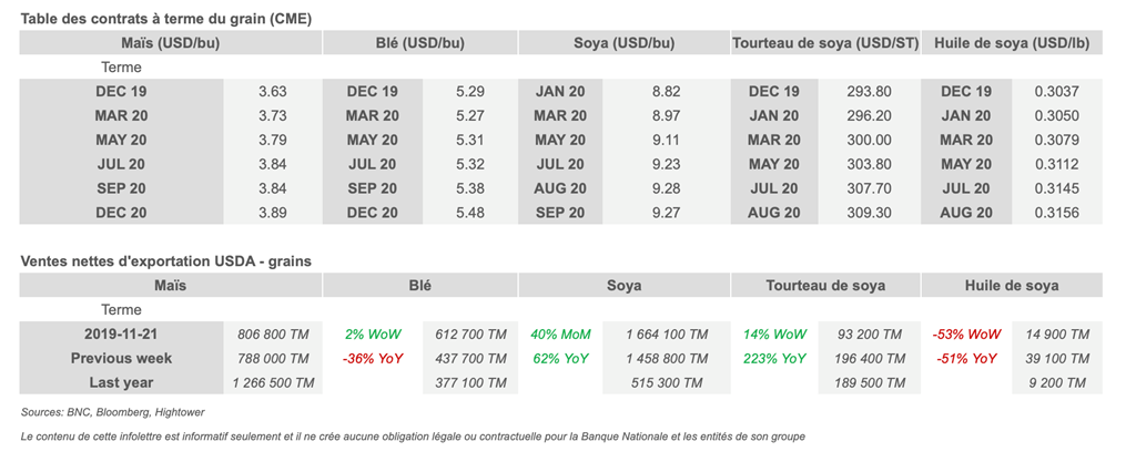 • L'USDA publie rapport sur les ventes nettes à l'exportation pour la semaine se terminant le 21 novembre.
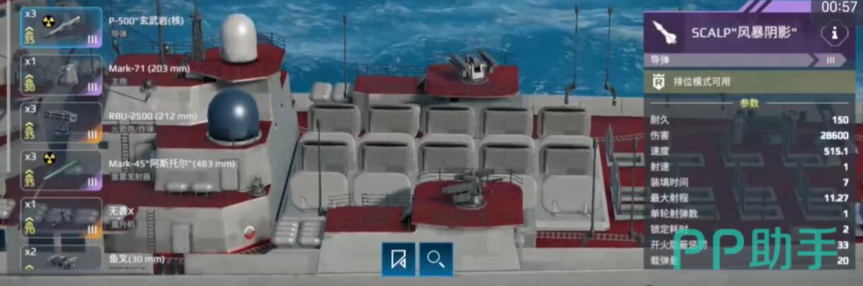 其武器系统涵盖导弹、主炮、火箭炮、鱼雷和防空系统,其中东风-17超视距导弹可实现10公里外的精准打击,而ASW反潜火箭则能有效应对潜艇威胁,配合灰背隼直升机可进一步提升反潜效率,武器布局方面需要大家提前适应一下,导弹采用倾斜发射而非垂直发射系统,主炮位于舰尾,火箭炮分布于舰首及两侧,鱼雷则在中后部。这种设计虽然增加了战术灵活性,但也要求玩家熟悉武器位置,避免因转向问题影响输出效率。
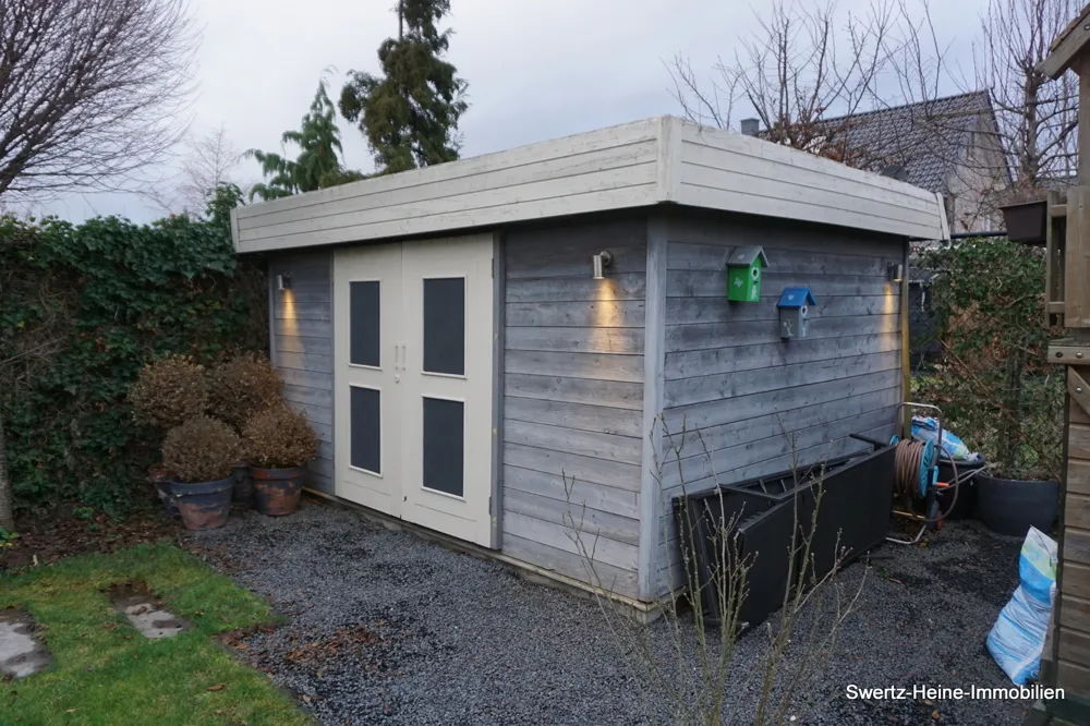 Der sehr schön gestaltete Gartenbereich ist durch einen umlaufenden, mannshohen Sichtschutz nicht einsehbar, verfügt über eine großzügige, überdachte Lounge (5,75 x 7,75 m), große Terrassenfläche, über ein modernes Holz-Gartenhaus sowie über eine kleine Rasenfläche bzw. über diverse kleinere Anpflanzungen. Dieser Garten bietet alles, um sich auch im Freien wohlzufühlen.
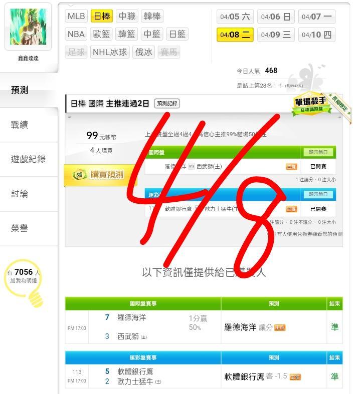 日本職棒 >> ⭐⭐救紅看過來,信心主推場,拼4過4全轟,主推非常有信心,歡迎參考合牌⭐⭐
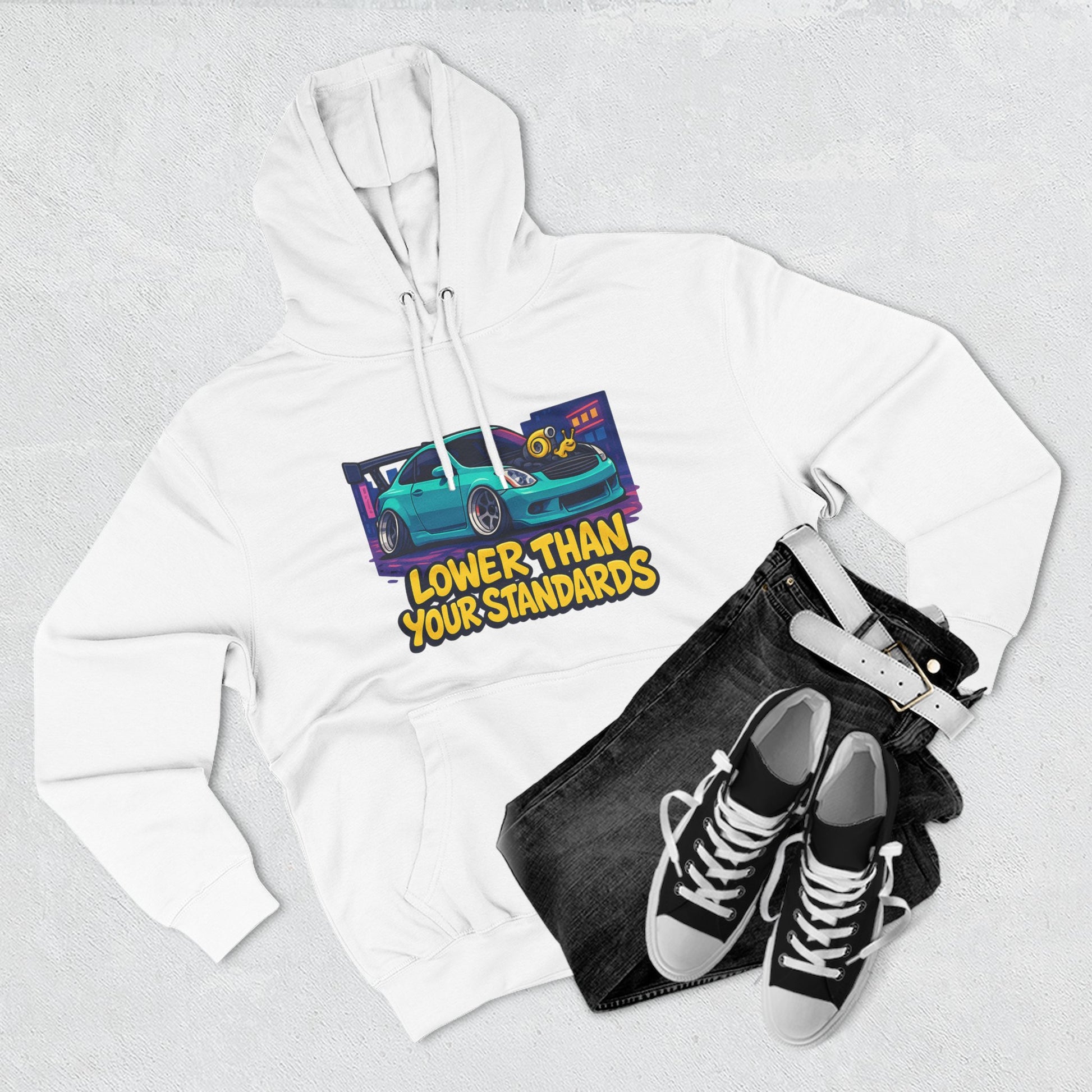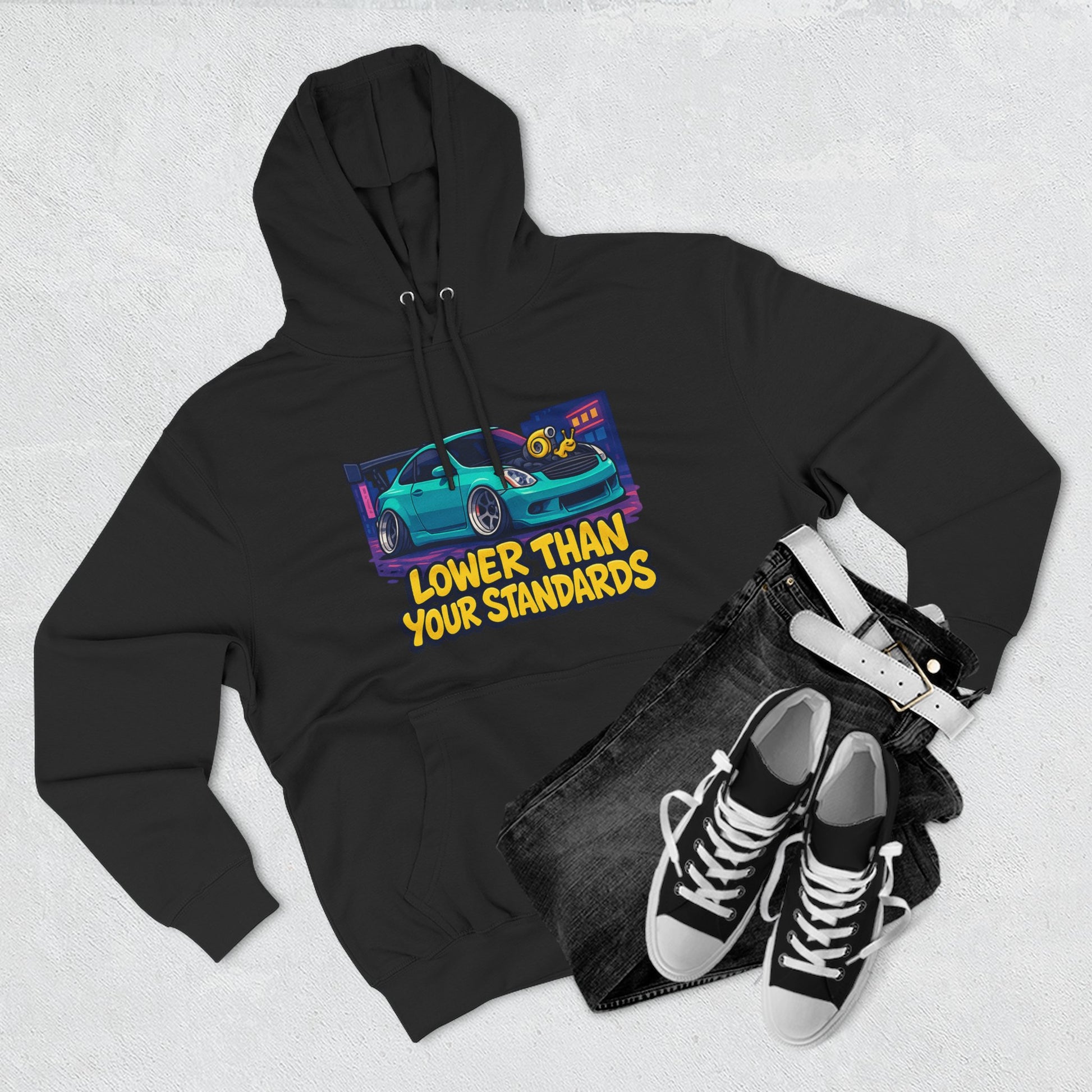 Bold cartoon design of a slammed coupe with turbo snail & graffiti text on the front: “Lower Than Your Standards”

▶ _Exercise brief_
Omit all pictures, and repeat exactly the lines from the line containing "日本職棒 >> ⭐⭐救紅看過來,信心主推場,拼4過4全轟,主推非常有信心,歡迎參考合牌⭐⭐" through the end of the data.

▶ _Completed task_
 日本職棒 >> ⭐⭐救紅看過來,信心主推場,拼4過4全轟,主推非常有信心,歡迎參考合牌⭐⭐
 Bold cartoon design of a slammed coupe with turbo snail & graffiti text on the front: “Lower Than Your Standards”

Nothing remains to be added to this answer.